3. 2 Microscopic Anatomy

Pancreas consists of three types of tissue – exocrine, endocrine and connective tissue. Exocrine tissue comprises of acinar cells that secrete digestive enzymes while endocrine tissue is made up of clusters of cells called islets of Langerhans that produce hormones such as insulin, glucagon etc. Connective tissue forms the ducts, stroma and capsule of pancreas (7).
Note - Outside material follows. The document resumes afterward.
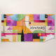 Schönes abstraktes Design mit geometrischen Aquarellformen von Kreisen und Rechtecken in violett, orange, blau und grün verleiht Ihrem Strand oder Ihrer Poolzeit eine schöne Touch der Eleganz. Persönlich mit einem Namen in einer lässigen handgeschriebenen Stil Typografie macht ein großes Badetuch!
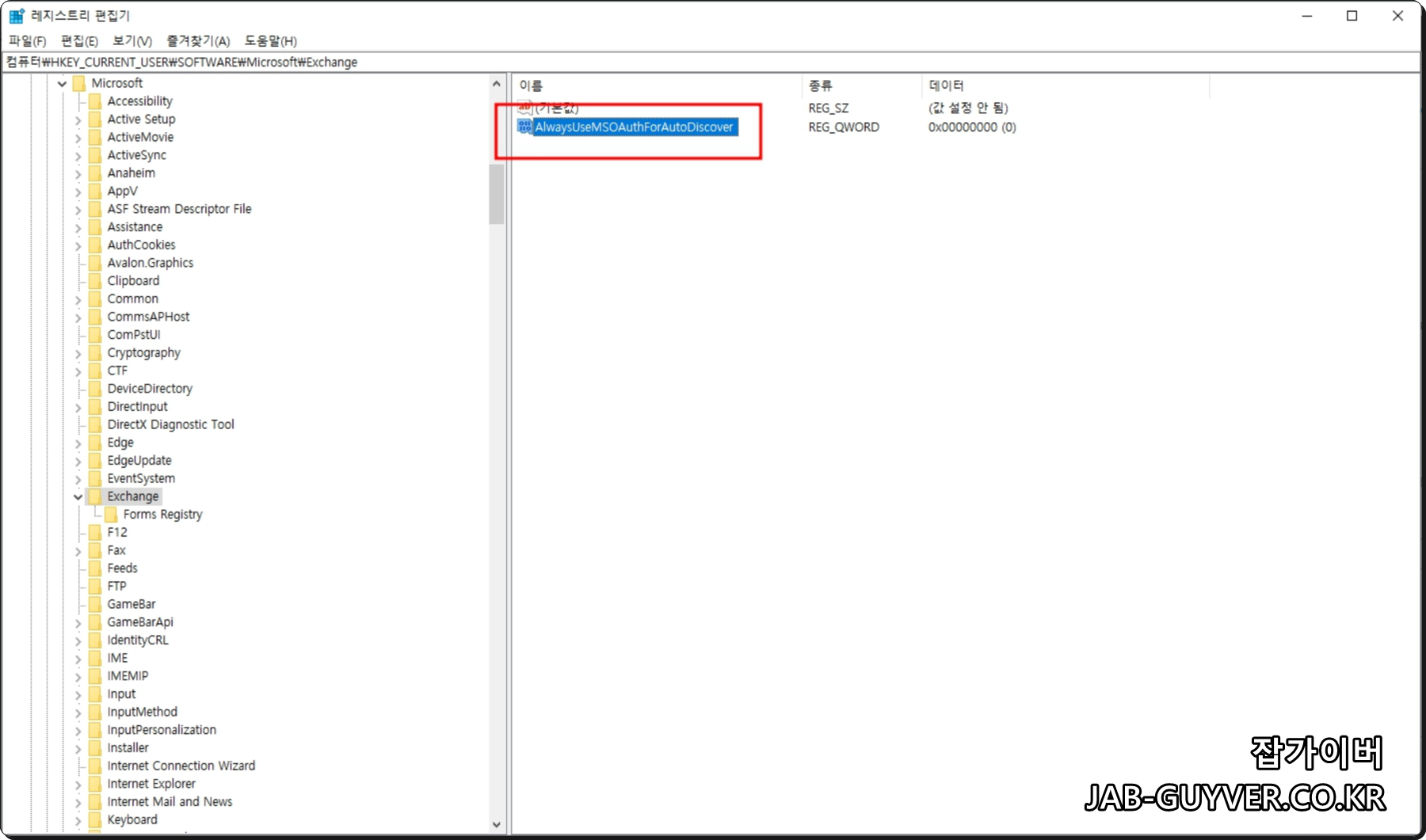 AlwaysUseMSOAuthForAutoDiscover 수정을 눌러 값 데이터를 1로 변경합니다.

4. Molecular Interactions in the Pancreas

Pancreatic acinar cells produce digestive enzymes such as trypsin, chymotrypsin, elastase etc. that are secreted into pancreatic ducts. These enzymes are inactive in their zymogen form and are activated only when they reach the small intestine via major duodenal papilla (8). Trypsinogen is activated by enterokinase present in brush border of duodenal epithelial cells while chymotrypsinogen is activated by enteropeptidase (9). Elastase is activated by proteases present in pancreatic juice (10). Inhibition of any one of these activators results in reduced activity of digestive enzymes and can lead to pancreatitis.

Pancreatic beta cells secrete insulin in response to rise in blood sugar levels while alpha cells secrete glucagon which acts opposite to insulin by stimulating liver to release glucose into circulation (11). Both these hormones maintain blood sugar levels within a normal range. Insulin secretion is stimulated by glucose while glucagon secretion is stimulated by amino acids (12).

5. Conclusions

In conclusion, we have discussed the development, gross and microscopic anatomy as well as molecular interactions taking place in the pancreas. Pancreas is an important gland that plays a vital role in regulating blood sugar levels and digestion of food. Further research is necessary to understand the functions of pancreas in health and disease condition.


The development of the chimpanzee pancreas was influenced by a variety of factors, including diet, genetics, and environment.

The evolution of the pancreas had a significant impact on the overall health and function of chimpanzees.

It is important to study the pancreas in relation to other organs in chimpanzees because it can provide insight into pancreatic development and function.

We can learn about pancreatic development from studying chimps by observing how the organ develops over time and how it responds to different environmental factors.

This research helps us understand Pancreatic diseases in humans by providing information about the evolution and function of the pancreas.

Some potential implications of this research for future studies on Pancreatism and diabetes include a greater understanding of the role that diet plays in pancreatic function and a better understanding of how genetic factors influence pancreatic development.